Department of Applied Economics, University of Granada, Granada, Spain.
Int J Equity Health. 2022 Dec 20;21(1):184. doi: 10.1186/s12939-022-01799-x.
In many universal health systems, waiting times act as a non-monetary rationing mechanism, one that should be based on clinical need rather than the ability to pay. However, there is growing evidence that among patients with similar levels of need, waiting times often differ according to socioeconomic status. The mechanisms underlying inequality in access remain unclear.

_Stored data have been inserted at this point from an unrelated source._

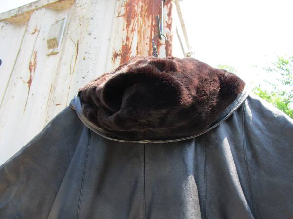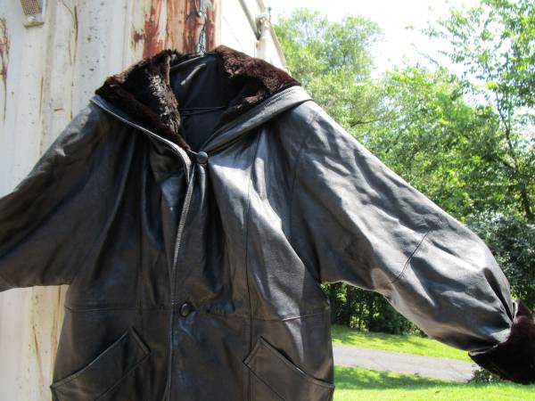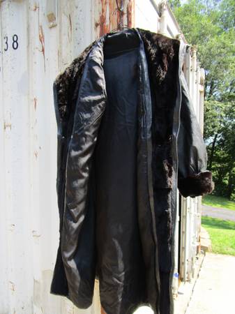 This is black leather trench style coat for sale. It has fur lined cuffs , hood and part of the inside lining. There is no name or size on this coat Believe it is custom made, not a guarantee. The length is from the top to the bottom 43" L. The sleeves are 22 1/2" L from under the arms and when cuffed 19" L. The width across from under the arms is 24" W. This coat dose show some sign of wear as our pictures show.There is 1 button missing as we did show. The coat does button up fine with out it as shown. You can text or call at 608-78one-one96one. If it posted it is for sale, thanks.
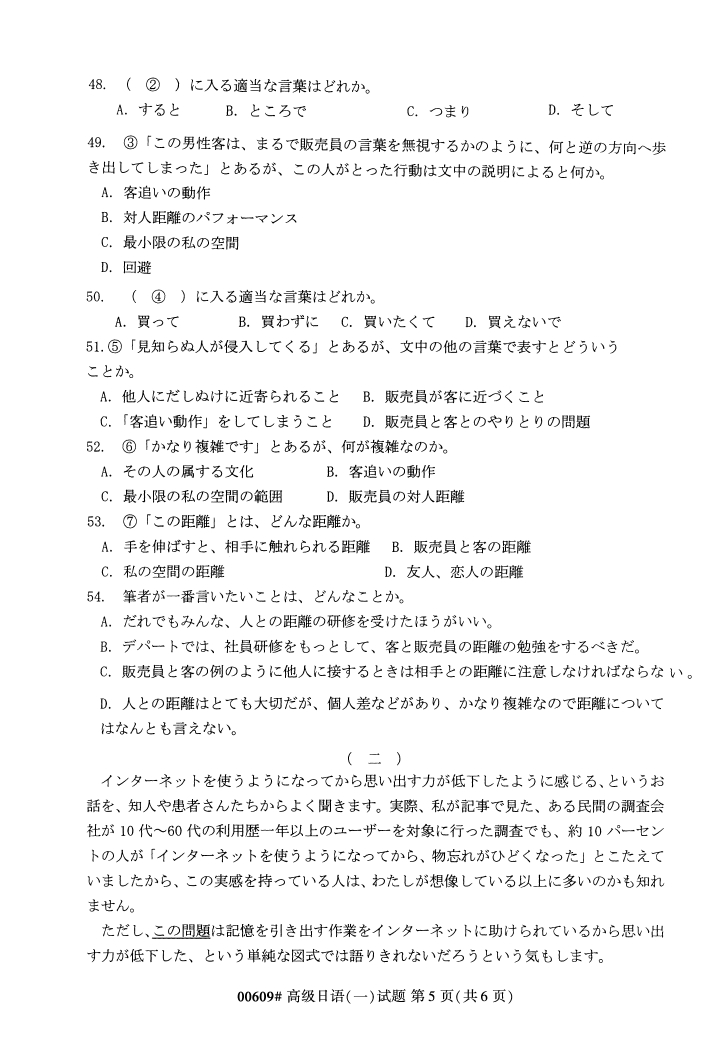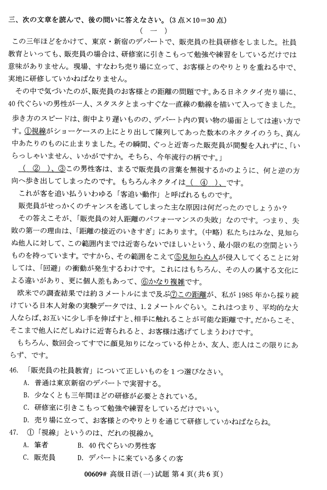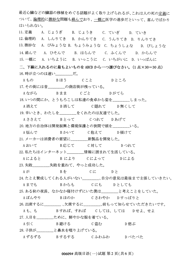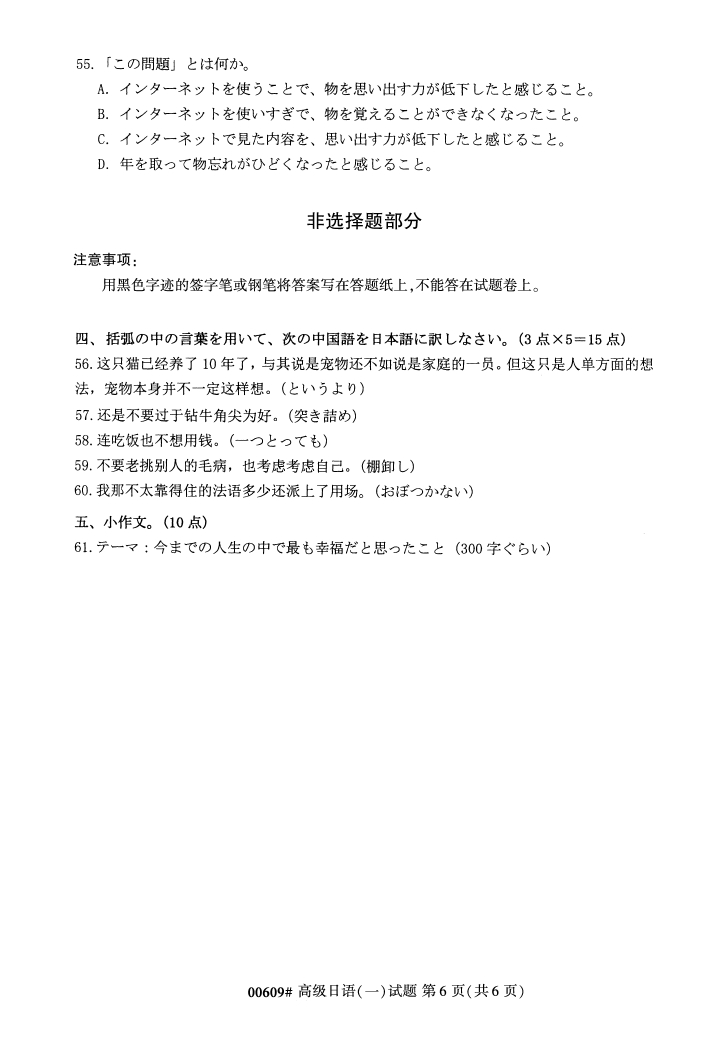 试题科目:高级日语(一)试题
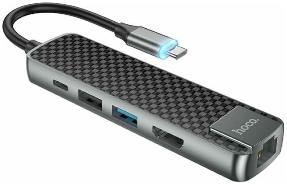 Hoco переходник HB23 Easy view Type-C адаптер (HDMI+USB3.0+USB2.0+RJ45+PD), серый 860806
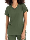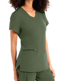 A Modern Fit v-neck top with a piecing detail neckline gives this top an elevated look. Features a single zipper pocket to keep your personal items secure and 2 welt pockets for easy access to grab anything you may need. Back side knit panels provide extra comfort and movement.
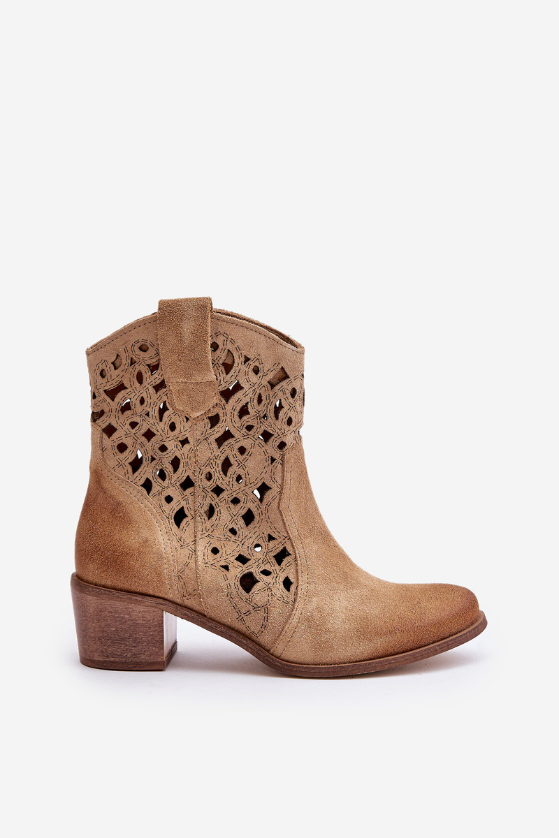 Dámské Botky Na Podpatku S Vyřezávaným Vzorem Béžové Lewski 3394/2

Using data for Spain, we study whether waiting times for primary and specialist care depend on patients' socioeconomic status (SES). Additionally, we make use of the continuous nature of our data to explore whether the SES-related differences in waiting times found for specialist consultations vary among different points of the waiting time distribution.

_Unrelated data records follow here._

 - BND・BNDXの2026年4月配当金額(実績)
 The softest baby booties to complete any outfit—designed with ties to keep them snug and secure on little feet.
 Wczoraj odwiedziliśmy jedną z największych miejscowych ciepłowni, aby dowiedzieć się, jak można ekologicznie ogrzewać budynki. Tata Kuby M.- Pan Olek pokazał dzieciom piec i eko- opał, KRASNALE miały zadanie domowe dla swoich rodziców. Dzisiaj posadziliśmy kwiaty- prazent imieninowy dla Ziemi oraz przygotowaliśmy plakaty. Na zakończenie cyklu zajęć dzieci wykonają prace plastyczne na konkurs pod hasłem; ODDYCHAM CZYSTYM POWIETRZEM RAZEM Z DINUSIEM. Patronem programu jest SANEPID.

Our results reveal the presence of a SES gradient in waiting times for specialist services explained on the basis of education, employment status and income. In addition, for primary care, we found evidence of a slightly more moderate SES gradient mostly based on employment status. Furthermore, although quantile regression estimates indicated the presence of a SES gradient within the distribution of waiting times for specialist visits, the SES differences attenuated in the context of longer waiting times in the public sector but did not disappear.

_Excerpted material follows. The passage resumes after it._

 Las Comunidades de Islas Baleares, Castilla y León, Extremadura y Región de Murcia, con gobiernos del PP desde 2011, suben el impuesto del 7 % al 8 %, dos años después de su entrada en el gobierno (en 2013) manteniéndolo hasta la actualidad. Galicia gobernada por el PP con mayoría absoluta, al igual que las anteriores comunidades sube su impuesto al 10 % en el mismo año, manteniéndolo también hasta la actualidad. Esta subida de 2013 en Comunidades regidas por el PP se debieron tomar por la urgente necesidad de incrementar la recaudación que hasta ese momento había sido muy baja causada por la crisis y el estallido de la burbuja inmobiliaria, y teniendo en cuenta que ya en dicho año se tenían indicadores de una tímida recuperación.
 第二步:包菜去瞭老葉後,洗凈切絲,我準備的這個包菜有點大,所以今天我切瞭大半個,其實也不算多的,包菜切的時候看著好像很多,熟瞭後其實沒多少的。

Our findings suggest the principle of equal treatment for equal need, assumed to be inherent to national health systems such as the Spanish system, is not applied in practice. Determining the mechanism(s) underlying this selective barrier to healthcare is of crucial importance for policymakers, especially in the current COVID-19 health and economic crises, which could exacerbate these inequalities as increasing numbers of treatments are having to be postponed.
在许多全民健康系统中,等待时间是一种非货币配给机制,这种机制应该基于临床需求,而不是支付能力。然而,越来越多的证据表明,在具有相似需求水平的患者中,等待时间往往因社会经济地位而异。导致获得机会不平等的机制尚不清楚。
利用西班牙的数据,我们研究了初级和专科医疗的等待时间是否取决于患者的社会经济地位(SES)。此外,我们还利用数据的连续性来探索专科咨询的等待时间中发现的 SES 相关差异是否因等待时间分布的不同点而异。
我们的研究结果表明,专科服务的等待时间存在 SES 梯度,这可以从教育、就业状况和收入方面得到解释。此外,对于初级保健,我们发现了基于就业状况的 SES 梯度稍显平缓的证据。此外,尽管分位数回归估计表明在专科就诊等待时间分布中存在 SES 梯度,但在公共部门等待时间较长的情况下,SES 差异减弱,但并未消失。
我们的研究结果表明,国家健康系统(如西班牙系统)所固有的平等对待同等需求的原则在实践中并未得到落实。确定这种医疗保健选择性障碍的机制对于政策制定者至关重要,尤其是在当前 COVID-19 健康和经济危机中,由于越来越多的治疗不得不推迟,这些不平等可能会加剧。